I would like to run jobs, but as they may be long, I would like to know how far they have been processed during their execution. That is, the executor would regularly return its progress, without ending the job it is executing. I have tried to do this with APScheduler, but it seems the scheduler can only receive event messages like EVENT_JOB_EXECUTED or EVENT_JOB_ERROR.

Is it possible to get information from an executor while it is executing a job?

Thanks in advance!

petibonum
  • 83
  • 8
  • If there is a big loop, you can iterate a number that represents the progress of your work and print it. Or if you want something visual you can use this word to be the length of a canvas that will act as a progress bar of your work. I don't know if you can do it with a module instead of creating the canvas (or the print), but this way works without adding much time to your computation. – ysearka Jun 25 '15 at 17:49
  • @ysearka : How can the executor and the scheduler both access the same number? The executor usually locks every object it is allowed to modify. Do I have to create an object for each job which can be updated by the executor and read by the scheduler, and then ask the scheduler to check that number regularly, or is there a way to tell the scheduler each time the number has been updated? – petibonum Jun 26 '15 at 07:38
  • It may help if you show a minimal working demonstrative code. [ask] – boardrider Jun 26 '15 at 09:05
  • Pass a function name as one of your job's arguments, this can be used as the callback function and pass it the progress/status. Untested, but that's my educated guess. – Pieter Jul 23 '15 at 13:07

1 Answers1

0

There is, I think, no particular support for this within APScheduler. This requirement has come up for me many times, and the best solution will depend on exactly what you need. Some possibilities:

Job status dictionary

The simplest solution would be to use a plain python dictionary. Make the key the job's key, and the value whatever status information you require. This solution works best if you only have one copy of each job running concurrently (max_instances=1), of course. If you need some structure to your status information, I'm a fan of namedtuples for this. Then, you either keep the dictionary as an evil global variable or pass it into each job function.

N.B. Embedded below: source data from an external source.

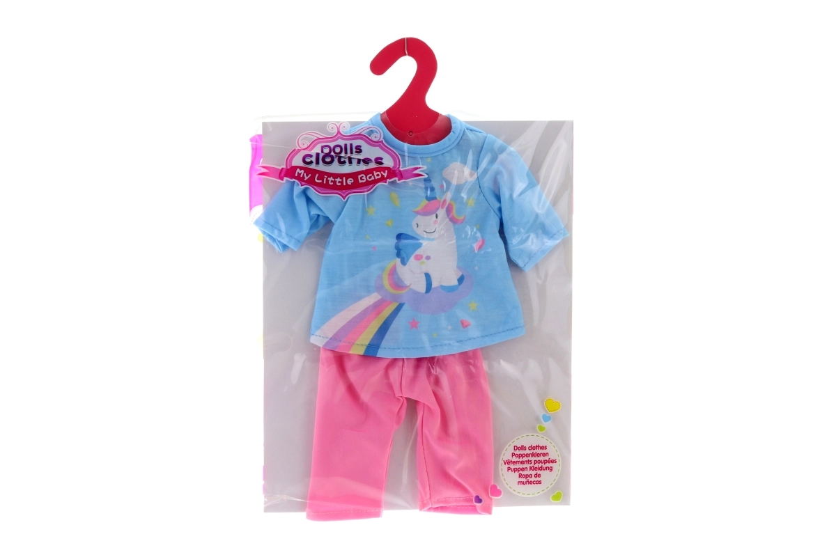 Очарователен комплект дрешки за кукли с размер 35–45 см, който ще зарадва всяка малка дизайнерка. Комплектът включва удобни долнище тип анцуг и тениска с мотив на еднорог. Дрешките се обличат лесно, идеални са за детска игра на грижи и развитие на фината моторика. Подходящо за деца от 3 години.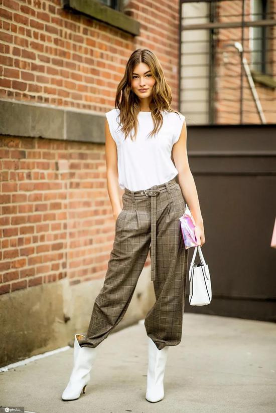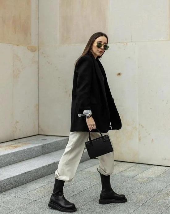 把宽松的裤腿扎进靴子,随性又干练,更不用担心显腿粗。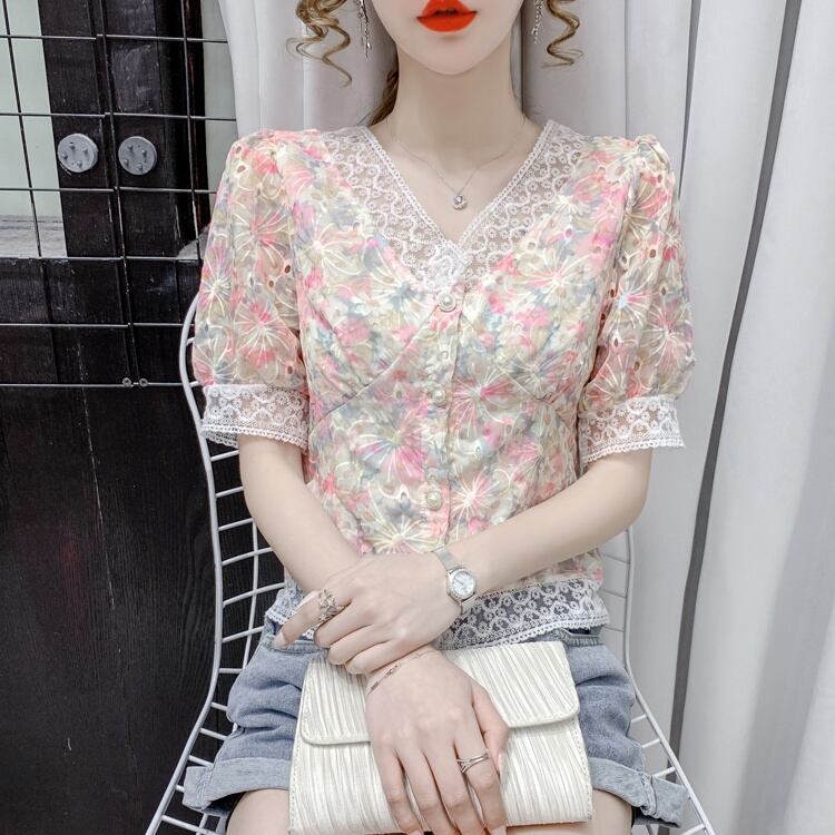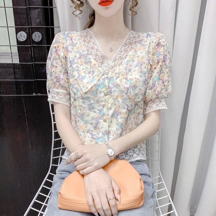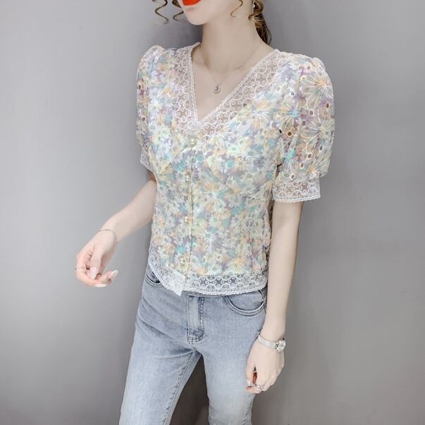 (色とサイズが選択可) トップス ブラウス 5分袖 Vネック レース 前開き ポリエステル かわいい 大人可愛い きれいめ 大人 上品 おしゃれ お洒落 ラブリー キュート ガーリー 主役級 存在感 小花柄 春 夏 秋 10代 20代 30代 40代 OL 通勤 学生 通学 デート お出かけ 休日 パーティー イベント リゾート 旅行 高原 ホテル ガーデン レストラン 着回し コーデ モテ プレゼント ギフト トレンド 流行 インスタ映え S M L XL イエロー ピンク | Chère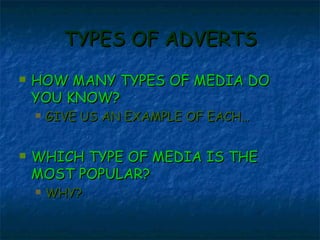 The document discusses different types of advertisements across various media like television, radio, newspapers and magazines. It asks the reader questions about advertisements they have seen and liked. It then prompts the reader to design their own magazine advertisement for a product of their choosing, including elements like a slogan, product image, logo and text describing key features.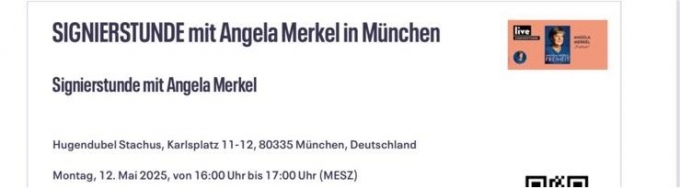 Dr. Angela Merkel | München | Signierstunde | 12.05.2025 | Ticket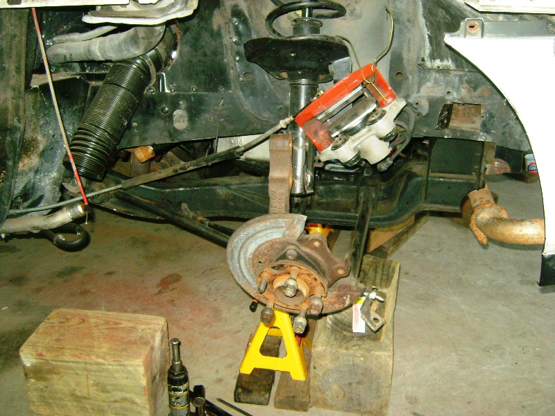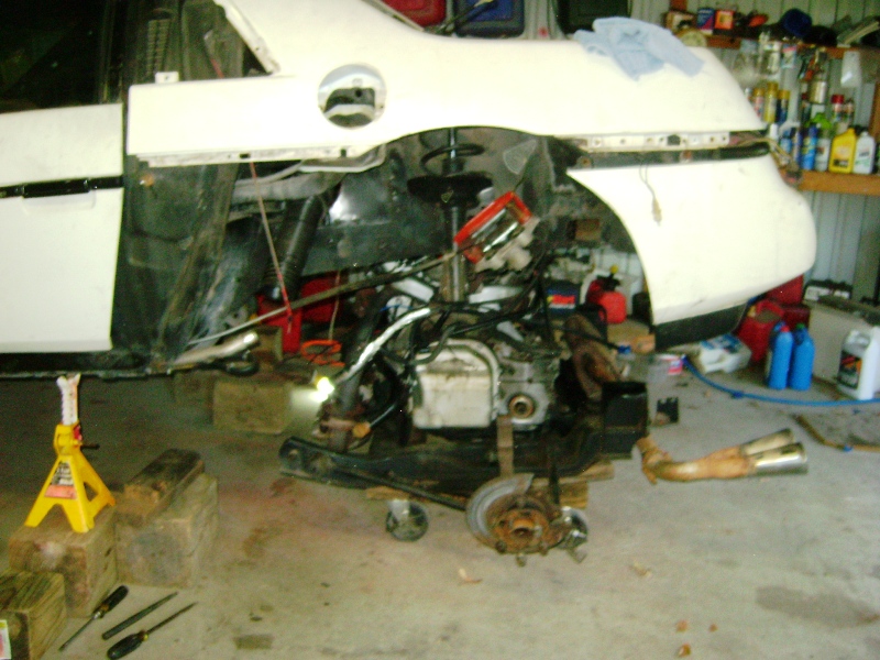 Nothing done on the car today. I will be out in the garage tomorrow morning around 7am trying to get everything underneath it re connected. Pointing on trying to get it back on it's wheels again. -Joe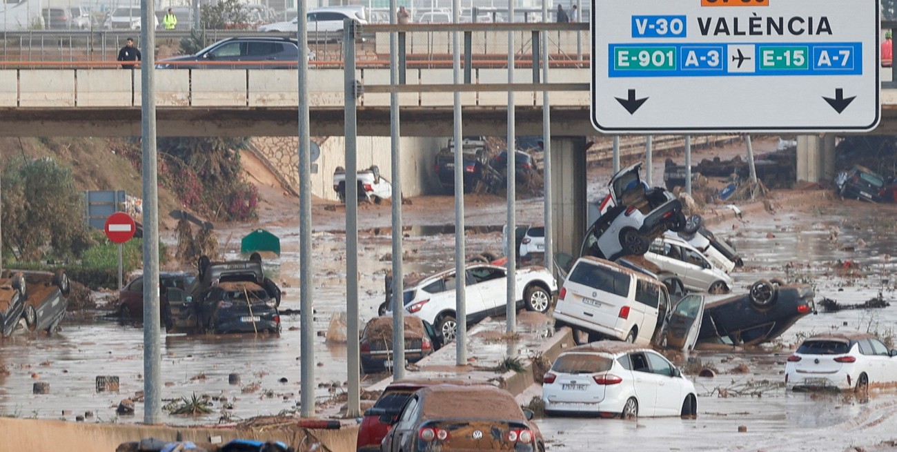 Las pilas de autos abandonados en las calles de Valencia y su área de influencia se convirtieron en las imágenes del desastre. Según fuentes oficiales, la cifra de muertos se elevó a 92 y podría haber más.

There are some drawbacks, though. The status information will stay in the dictionary forever, unless you delete it. If you delete it at the end of the job, you don't get to read a 'job complete' status, and otherwise you have to make sure that whatever is monitoring the status definitely checks and clears every job. This of course isn't a big deal if you have a reasonable sized set of jobs/keys.

Custom dict

If you need some extra functions, you can do as above, but subclass dict (or UserDict or MutableMapping, depending on what you want).

Memcached

If you've got a memcached server you can use, storing the status reports in memcached works great, since they can expire automatically and they should be globally accessible to your application. One probably-minor drawback is that the status information could be evicted from the memcached server if it runs out of memory, so you can't guarantee that the information will be available.

A more major drawback is that this does require you to have a memcached server available. If you might or might not have one available, you can use dogpile.cache and choose the backend that's appropriate at the time.

Something else

Pieter's comment about using a callback function is worth taking note of. If you know what kind of status information you'll need, but you're not sure how you'll end up storing or using it, passing a wrapper to your jobs will make it easy to use a different backend later.

As always, though, be wary of over-engineering your solution. If all you want is a report that says "20/133 items processed", a simple dictionary is probably enough.

Community
  • 1
  • 1
Sopoforic
  • 130
  • 6